Friday, June 12, 2009

 

Page 1

 

Supreme Court Clarifies Rule on Disability Bias Claims

Proof of Intentional Discrimination Not Required for Damages, Justices Rule

 

By STEVEN M. ELLIS, Staff Writer

 

Plaintiffs seeking damages under California’s Unruh Civil Rights Act and the federal Americans with Disabilities Act for the denial of equal treatment on the basis of disability need not prove intentional discrimination, the California Supreme Court ruled yesterday.

The court unanimously held that the Legislature intended to provide disabled Californians injured by violations of the ADA with the remedies provided under the Unruh Act when it voted in 1992 to incorporate the federal act into state law.

The ruling came in response to a request by the Ninth U.S. Circuit Court of Appeals for clarification of state law in a suit by Kenneth Munson—whose physical disability requires him to use a wheelchair—against a Del Taco restaurant in San Bernardino.

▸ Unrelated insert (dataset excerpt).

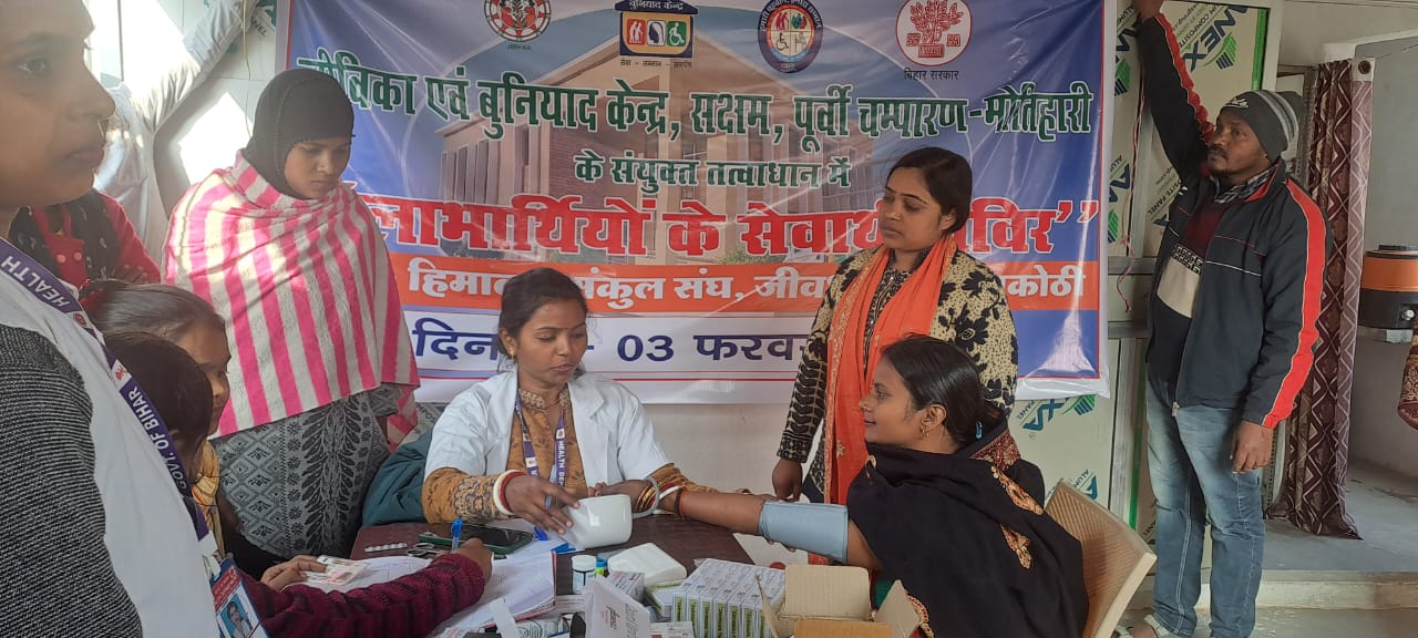 जिले के पिपरा कोठी प्रखंड के अंतर्गत जीविका, स्वास्थ्य विभाग एवं बुनियाद केंद्र के संयुक्त तत्वाधान में स्वास्थ्य जागरूकता सह जांच शिविर का आयोजन हिमालय जीविका महिला संकुल संघ, जीवधारा, पिपरा कोठी में आयोजित किया गया, कार्यक्रम का शुभारंम्भ जीविका जिला परियोजना प्रबंधक गणेश पासवान के द्वारा दीप प्रजव्लित कर किया गया। स्वास्थ्य जांच शिविर में जीविका दीदियों का एनसीडी स्क्रीनिंग के तहत ब्लड प्रेशर, डाईबीटीज एवं कैंसर का स्क्रीनिंग किया गया। स्वास्थ्य विभाग से डाक्टर भाव्या गुप्ता ने कैंसर के कारण, लक्षण एवं बचाव के बारे में जीविका दीदियों के साथ विस्तार से चर्चा किया । साथ ही स्वास्थ्य विभाग के सीएचओ के द्वारा स्क्रीनिंग के बाद मुफ्त दवा का वितरण किया गया। बुनियाद केंद्र के द्वारा वृद्धजन, दिव्यांग एवं विधवा हेतु विशेष नेत्र जांच, फिजियो जॉच, श्रवण वाक् के साथ वृद्धा एवं विधवा पेंशन संबंधित सेवा प्रदान की गई। इस अवसर पर लगभग 140 जीविका दीदियों सहित उनके परिवार के सदस्यों की स्वास्थ्य एवं नेत्र जांच की गईं|

Loyola Law School professor Michael Waterstone, who teaches disability rights, praised the decision, predicting that a different ruling “would have decimated the strength of California’s disability laws regarding accessibility of businesses and public places.”

He explained:

“Part of the reason that businesses comply with California’s disability laws is that they do not want to be sued for damages. If they could avoid damage awards by arguing that they had not intentionally discriminated, it would have been a huge step back for California’s accessibility laws.”

Munson filed suit in the Central District of California under the Unruh Act and the ADA seeking injunctive relief, damages and attorney fees after he encountered architectural barriers he said denied him legally-required access to the restaurant’s parking area and restrooms.

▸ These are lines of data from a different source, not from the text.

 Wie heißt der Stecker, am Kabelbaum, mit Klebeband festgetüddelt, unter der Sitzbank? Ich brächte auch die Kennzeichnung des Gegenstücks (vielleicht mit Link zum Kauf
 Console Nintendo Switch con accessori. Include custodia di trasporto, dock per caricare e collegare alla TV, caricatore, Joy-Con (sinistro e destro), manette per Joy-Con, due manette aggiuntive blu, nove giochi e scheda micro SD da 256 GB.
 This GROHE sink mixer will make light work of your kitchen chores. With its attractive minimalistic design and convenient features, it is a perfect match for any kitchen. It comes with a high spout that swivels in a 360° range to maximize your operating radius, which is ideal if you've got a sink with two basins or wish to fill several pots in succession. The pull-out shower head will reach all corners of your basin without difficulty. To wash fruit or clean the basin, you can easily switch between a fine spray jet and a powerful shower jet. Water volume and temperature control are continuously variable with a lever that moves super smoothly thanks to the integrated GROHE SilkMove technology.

U.S. District Judge A. Howard Matz granted Munson partial summary judgment, reasoning that there was no genuine issue of fact that an architectural barrier existed and that the restroom doorway could be widened.

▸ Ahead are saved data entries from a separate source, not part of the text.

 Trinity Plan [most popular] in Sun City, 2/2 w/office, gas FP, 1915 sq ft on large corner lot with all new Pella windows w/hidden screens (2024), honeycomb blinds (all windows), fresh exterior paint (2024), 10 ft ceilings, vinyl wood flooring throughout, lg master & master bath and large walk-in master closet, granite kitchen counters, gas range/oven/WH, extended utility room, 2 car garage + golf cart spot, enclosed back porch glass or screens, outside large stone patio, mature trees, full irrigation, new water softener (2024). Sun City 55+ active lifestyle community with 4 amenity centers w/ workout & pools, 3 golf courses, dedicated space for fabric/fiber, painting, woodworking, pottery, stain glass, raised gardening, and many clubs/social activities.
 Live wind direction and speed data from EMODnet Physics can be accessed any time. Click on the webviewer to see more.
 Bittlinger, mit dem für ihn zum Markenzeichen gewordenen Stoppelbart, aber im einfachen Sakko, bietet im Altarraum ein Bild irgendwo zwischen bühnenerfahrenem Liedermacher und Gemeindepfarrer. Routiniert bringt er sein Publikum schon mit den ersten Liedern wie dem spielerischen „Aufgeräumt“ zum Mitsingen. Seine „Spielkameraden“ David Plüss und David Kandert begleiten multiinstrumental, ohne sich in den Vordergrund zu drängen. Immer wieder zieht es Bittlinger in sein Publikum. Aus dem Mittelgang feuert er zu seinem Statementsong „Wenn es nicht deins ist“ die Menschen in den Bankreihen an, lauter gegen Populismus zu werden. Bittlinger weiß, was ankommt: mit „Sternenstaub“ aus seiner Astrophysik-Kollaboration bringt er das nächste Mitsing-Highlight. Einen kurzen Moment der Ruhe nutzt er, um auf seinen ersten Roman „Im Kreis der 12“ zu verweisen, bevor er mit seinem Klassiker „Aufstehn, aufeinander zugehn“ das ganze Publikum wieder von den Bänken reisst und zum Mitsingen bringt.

The parties then stipulated to $12,000 in damages with Del Taco reserving the right to appeal, but the Ninth Circuit determined that a conflict existed between its 2004 decision in Lentini v. California Center for the Arts, 370 F.3d 837, interpreting the California Legislature’s enactment of Civil Code Sec. 51(f), and the California Court of Appeal’s contrary decision two years later in Gunther v. Lin, 144 Cal.App.4th 223.

The California Supreme Court held in 1991 in Harris v. Capital Growth Investors XIV, 52 Cal.3d 1142, that proof of intentional discrimination was necessary to establish a violation of the Unruh Act. The Legislature added subsection 51(f) to the Civil Code the following year.

Under Sec. 51(f), “[a] violation of the right of any individual under the Americans with Disabilities Act”—which does not necessarily require a plaintiff to show intentional discrimination—“shall also constitute a violation of this section.”

In 2004, the Ninth Circuit ruled in Lentini that the enactment of Sec. 51(f) added ADA violations, whether intentional or not, to the class of discriminatory acts for which the Unruh Act provides a damages remedy in Sec. 52.

However, the Court of Appeal expressly disagreed in Gunther, holding that while an unintentional ADA violation was by virtue of Sec. 51(f) a violation of that section, no damages remedy was available under Sec. 52.

Del Taco argued on appeal that intent was required under the Unruh Act and that Munson failed to put forth any evidence that the restaurant intentionally discriminated against him.

But Justice Kathryn Mickle Werdegar wrote for the Supreme Court that “[a]lthough linguistically admissible, Gunther‘s reading of the statute is not consistent with our understanding of the Unruh Civil Rights Act as elucidated in Harris, or with the law‘s history.”

She continued:

“On examining the language, statutory context, and history of [Sec. 51(f)], we conclude Lentini‘s interpretation was right and Gunther’s was wrong. The Legislature’s intent in adding subdivision (f) was to provide disabled Californians injured by violations of the ADA with the remedies provided by Sec. 52….

“By adding subdivision [Sec. 51(f)], making all ADA violations—whether or not involving intentional discrimination—violations of the Unruh Civil Rights Act as well, the Legislature included ADA violations in the category of “discrimination” contrary to section 51, thus making them remediable under section 52.”

The case is Munson v. Del Taco, Inc., 09 S.O.S. 3563.